**PROBLEM STATEMENT**
Your answer should be the full data, transcribed exactly, with no pictures in it.
── DATASET EXTRACT
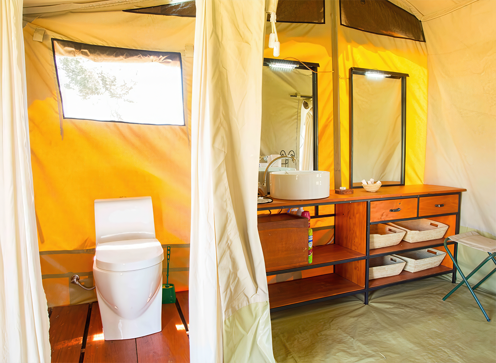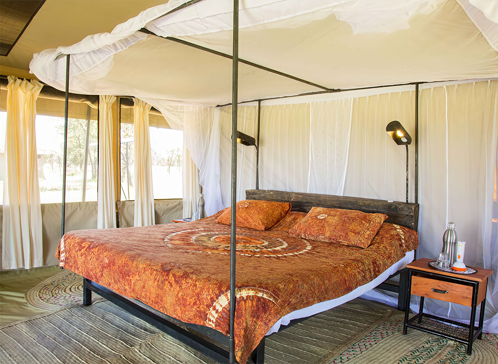 Der er 15 værelser på lodgen, og de ligger i separate luksustelte og har eget badeværelse med bruser. Der er elektricitet og rindende vand i teltene. Hvert værelse har dobbeltseng eller to enkeltsenge, myggenet, skrivebord og flasker med drikkevand.
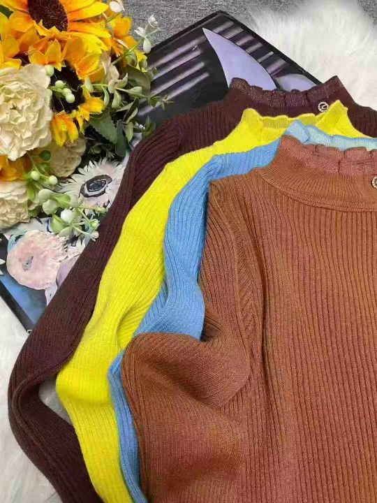 秋冬新款半高领拼接设计款弹力修身显瘦纽扣包芯纱套头毛衣,独立包装,均码...
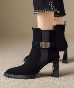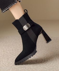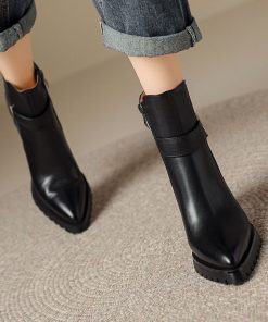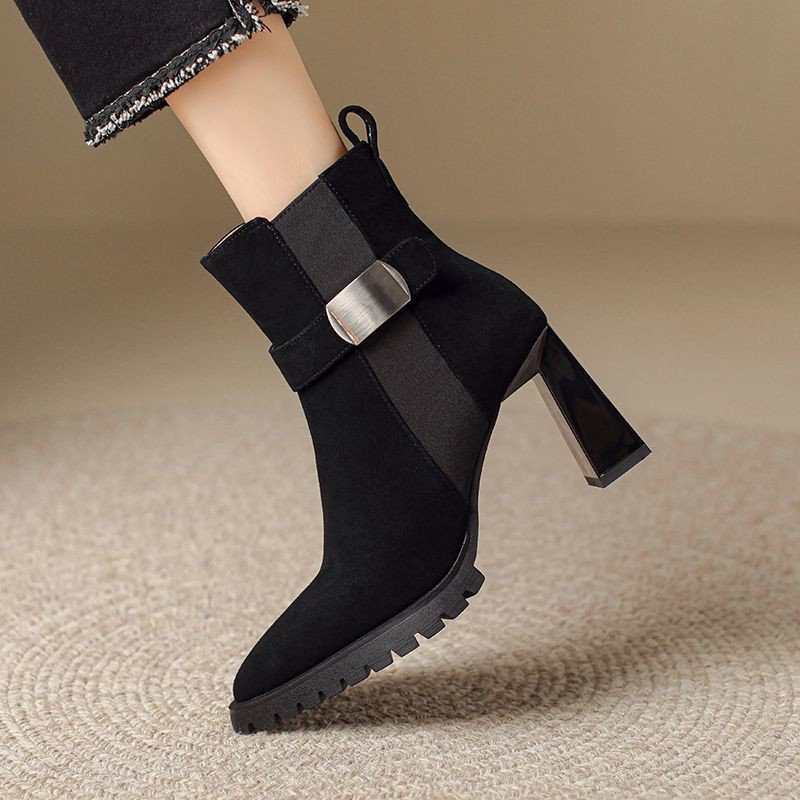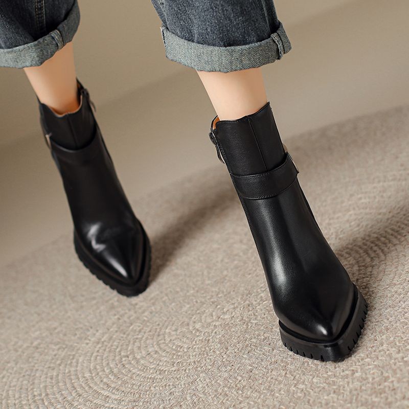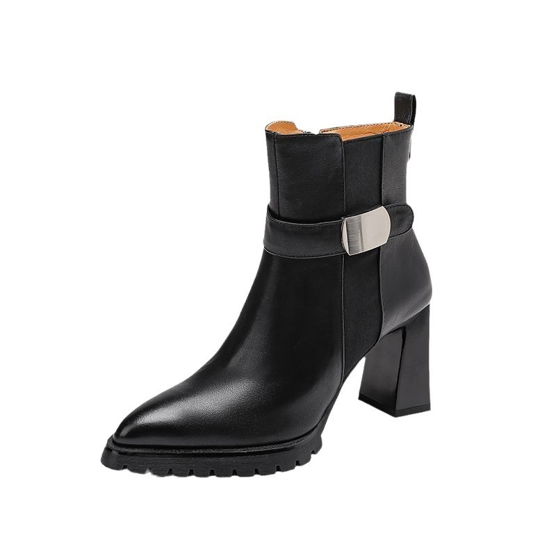Small thick-soled Martin boots for women’s soft leather thick heels thin boots for autumn and winter super high heels pointed toe boots
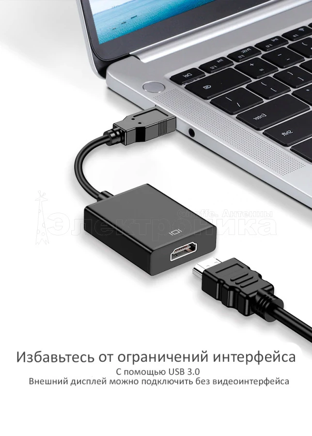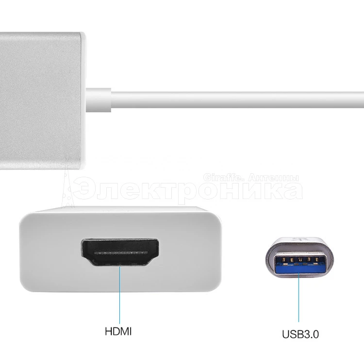 Адаптер USB 3.0 - HDMI: При помощи адаптера USB HDMI можно подключать компьютер через интерфейс USB к телевизору в высоком качестве, монитору или проектору с интерфейсом HDMI. Он будет передавать аудио-видео информацию в высоком качестве с компьютера на ваш HD-телевизор или монитор.
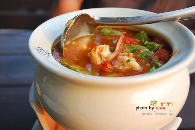 วันนี้เราสั่งอาหารมาแค่ 3 อย่าง อย่างแรกเป็น แกงส้มชะอมไข่ใส่กุ้ง
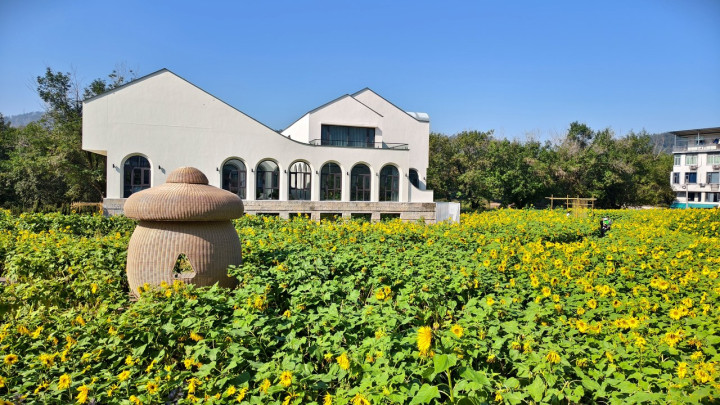 今年的寒冬来得迟。大雪节气前后的向日葵依旧生机盎然:或仰首追日,如稚童踮脚迎接阳光;或垂首敛芒,籽实饱满鼓胀,尽显丰盈而不张扬的生命哲思。葵园外侧,白墙黛瓦的郑培钦艺术工作室静静矗立。工作室黛瓦如墨、白墙似雪,与蓝天、枫杨、金葵相映成景,层次分明又浑然一体。作为专业艺术与乡土文化的交融之地,郑培钦艺术工作室的创建,为这片山水增添了几分清雅文气。
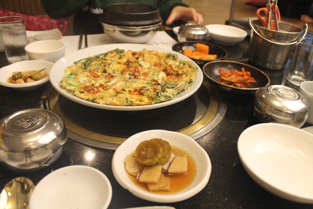 CJ guided us into a cozy restaurant, where we sat on a table low to the ground and feasted on seolleontang — a milky beef bone soup — and kimchi pancakes, a perfect meal for this rainy day.
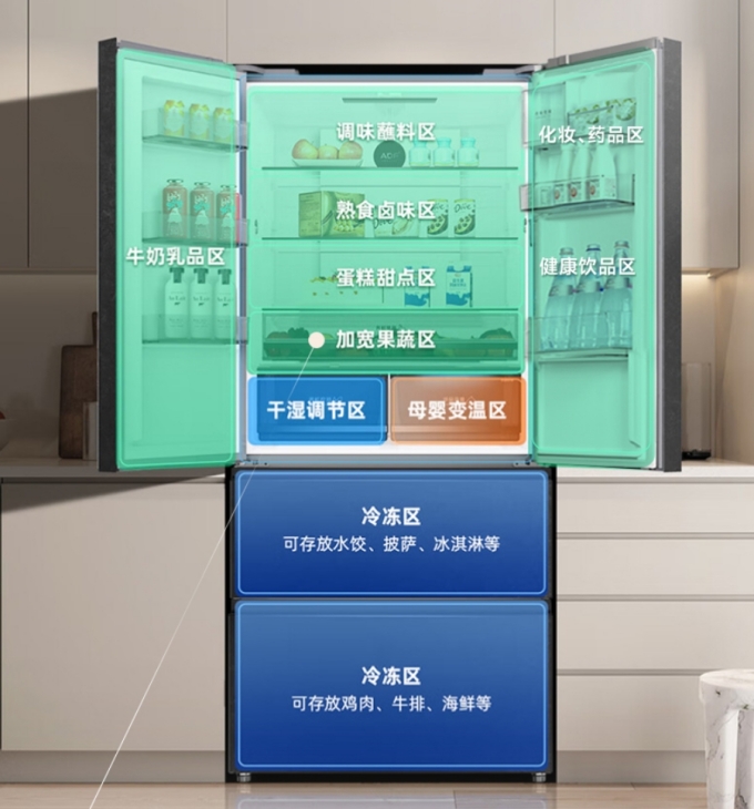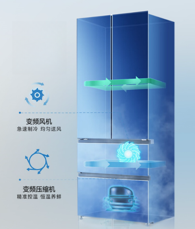 傳統冰箱風(fēng)速檔位少,無(wú)法根據冰箱內部溫度的變化進(jìn)行智能調節,這就容易導致冰箱內部溫度分布不均勻,部分區域的食品可能會(huì )因溫度過(guò)低而結冰,而其他區域的食品則可能溫度不夠低,影響保鮮效果。榮事達零嵌系列法式四門(mén)冰箱(BCD-515WFGPQ)的風(fēng)機和壓縮機均采用變頻技術(shù),可以根據冰箱內部不同區域的溫度狀況自動(dòng)調節轉速,為食物提供了更適宜的儲存環(huán)境,有利于延長(cháng)食品的保鮮期。
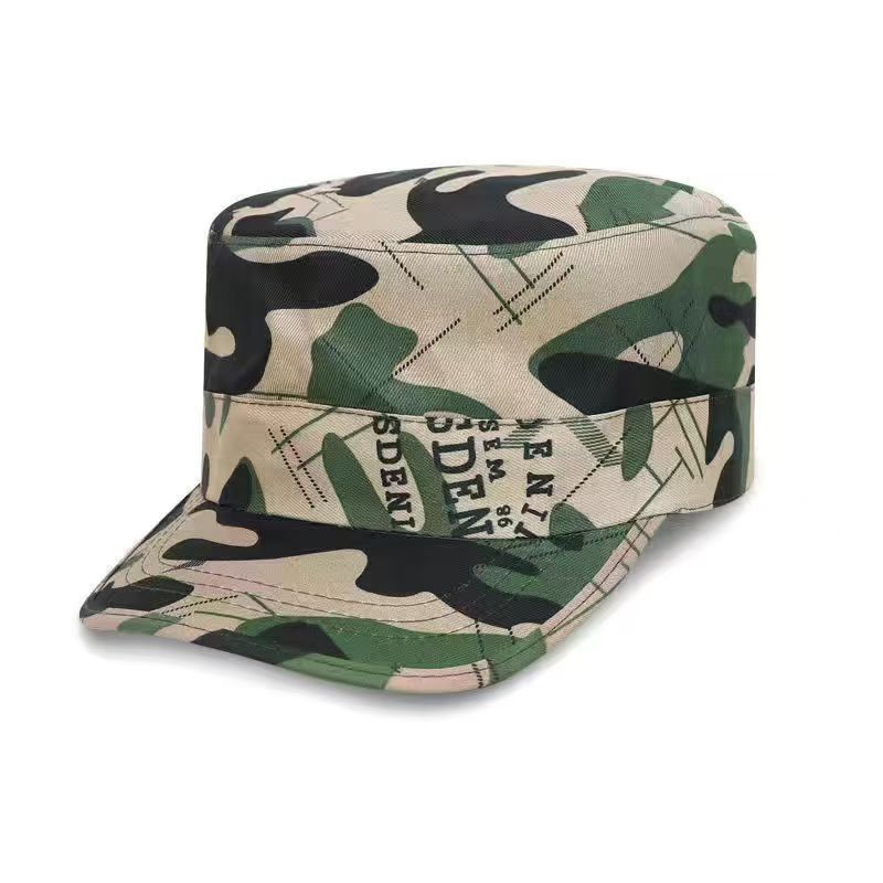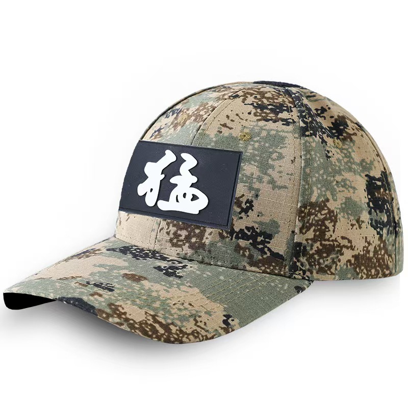 • 라벨이 있는 녹색 위장 꽃 모양의 피크 캡
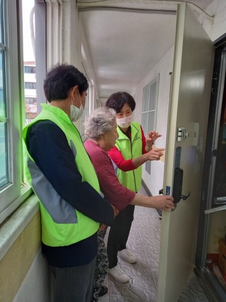 이날 지역사회보장협의체 위원 3명은 대상 가정을 방문해 초인등을 설치할 수 있도록 돕고 작동 방법 등을 안내했다.
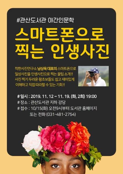 야간인문학은 관산도서관 개관시간 연장 문화행사의 일환으로 직장인이 퇴근 후 참여할 수 있는 저녁 시간에 2회에 걸쳐 진행된다. 강연은 ‘포토테라피’, ‘집에서 뚝딱 찍는 쇼핑몰 사진’의 저자인 남상욱 착한사진연구소·매직페이스 대표가 맡는다.
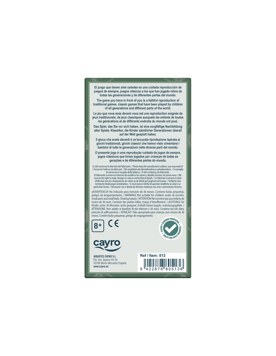 Cayro Collection Canicas es una versión moderna y educativa del clásico juego de canicas, diseñada por Cayro para ofrecer diversión intergeneracional. Ideal para niños a partir de 8 años y adultos nostálgicos, este juego fomenta la coordinación, la estrategia y el juego al aire libre.
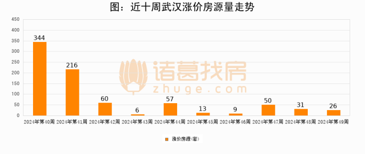 从调价房源来看,第49周武汉涨价房源26套,较上周下降16.1%。与此同时,49周涨价房源占比回落0.72个百分点,业主信心小幅波动,购房者可则需入市。
────
**ANSWER BELOW**
 Der er 15 værelser på lodgen, og de ligger i separate luksustelte og har eget badeværelse med bruser. Der er elektricitet og rindende vand i teltene. Hvert værelse har dobbeltseng eller to enkeltsenge, myggenet, skrivebord og flasker med drikkevand.
 秋冬新款半高领拼接设计款弹力修身显瘦纽扣包芯纱套头毛衣,独立包装,均码...
Small thick-soled Martin boots for women’s soft leather thick heels thin boots for autumn and winter super high heels pointed toe boots
 Адаптер USB 3.0 - HDMI: При помощи адаптера USB HDMI можно подключать компьютер через интерфейс USB к телевизору в высоком качестве, монитору или проектору с интерфейсом HDMI. Он будет передавать аудио-видео информацию в высоком качестве с компьютера на ваш HD-телевизор или монитор.
 วันนี้เราสั่งอาหารมาแค่ 3 อย่าง อย่างแรกเป็น แกงส้มชะอมไข่ใส่กุ้ง
 今年的寒冬来得迟。大雪节气前后的向日葵依旧生机盎然:或仰首追日,如稚童踮脚迎接阳光;或垂首敛芒,籽实饱满鼓胀,尽显丰盈而不张扬的生命哲思。葵园外侧,白墙黛瓦的郑培钦艺术工作室静静矗立。工作室黛瓦如墨、白墙似雪,与蓝天、枫杨、金葵相映成景,层次分明又浑然一体。作为专业艺术与乡土文化的交融之地,郑培钦艺术工作室的创建,为这片山水增添了几分清雅文气。
 CJ guided us into a cozy restaurant, where we sat on a table low to the ground and feasted on seolleontang — a milky beef bone soup — and kimchi pancakes, a perfect meal for this rainy day.
 傳統冰箱風(fēng)速檔位少,無(wú)法根據冰箱內部溫度的變化進(jìn)行智能調節,這就容易導致冰箱內部溫度分布不均勻,部分區域的食品可能會(huì )因溫度過(guò)低而結冰,而其他區域的食品則可能溫度不夠低,影響保鮮效果。榮事達零嵌系列法式四門(mén)冰箱(BCD-515WFGPQ)的風(fēng)機和壓縮機均采用變頻技術(shù),可以根據冰箱內部不同區域的溫度狀況自動(dòng)調節轉速,為食物提供了更適宜的儲存環(huán)境,有利于延長(cháng)食品的保鮮期。
 • 라벨이 있는 녹색 위장 꽃 모양의 피크 캡
 이날 지역사회보장협의체 위원 3명은 대상 가정을 방문해 초인등을 설치할 수 있도록 돕고 작동 방법 등을 안내했다.
 야간인문학은 관산도서관 개관시간 연장 문화행사의 일환으로 직장인이 퇴근 후 참여할 수 있는 저녁 시간에 2회에 걸쳐 진행된다. 강연은 ‘포토테라피’, ‘집에서 뚝딱 찍는 쇼핑몰 사진’의 저자인 남상욱 착한사진연구소·매직페이스 대표가 맡는다.
 Cayro Collection Canicas es una versión moderna y educativa del clásico juego de canicas, diseñada por Cayro para ofrecer diversión intergeneracional. Ideal para niños a partir de 8 años y adultos nostálgicos, este juego fomenta la coordinación, la estrategia y el juego al aire libre.
 从调价房源来看,第49周武汉涨价房源26套,较上周下降16.1%。与此同时,49周涨价房源占比回落0.72个百分点,业主信心小幅波动,购房者可则需入市。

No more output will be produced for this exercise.